◆ **About this exercise**
Leave the pictures out and print, word for word, the lines below from the one with "作为参考,2023年,理想的" through the final line.

◆ **Supplied data**
»»

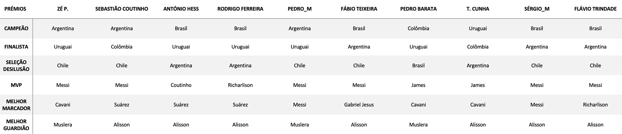 Fico surpreendido por apenas uma pessoa colocar o Uruguai como vencedor.
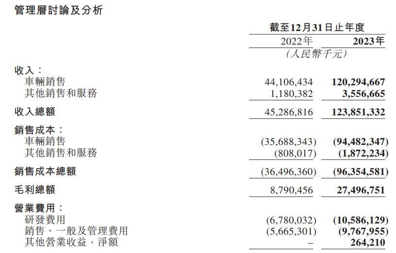 作为参考,2023年,理想的全年交付量同比上涨282.3%,营收同比上涨273.6%,但市场营销费用只比2022年提升了172.4%,展现出了较为出色的营销效费比。
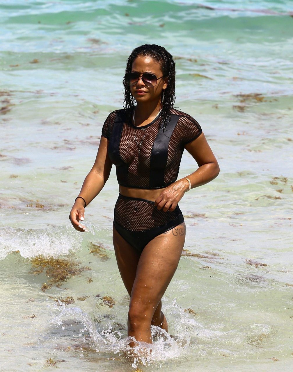 Christina Milian montre son corps super sexy tout en profitant de la plage avec des amis à Miami, 19/08/2017. Christina Milian est une chanteuse, auteure-compositrice et actrice américaine (Grandfathered). Âge – 35 ans.

««

◆ **Result of this exercise**
 作为参考,2023年,理想的全年交付量同比上涨282.3%,营收同比上涨273.6%,但市场营销费用只比2022年提升了172.4%,展现出了较为出色的营销效费比。
 Christina Milian montre son corps super sexy tout en profitant de la plage avec des amis à Miami, 19/08/2017. Christina Milian est une chanteuse, auteure-compositrice et actrice américaine (Grandfathered). Âge – 35 ans.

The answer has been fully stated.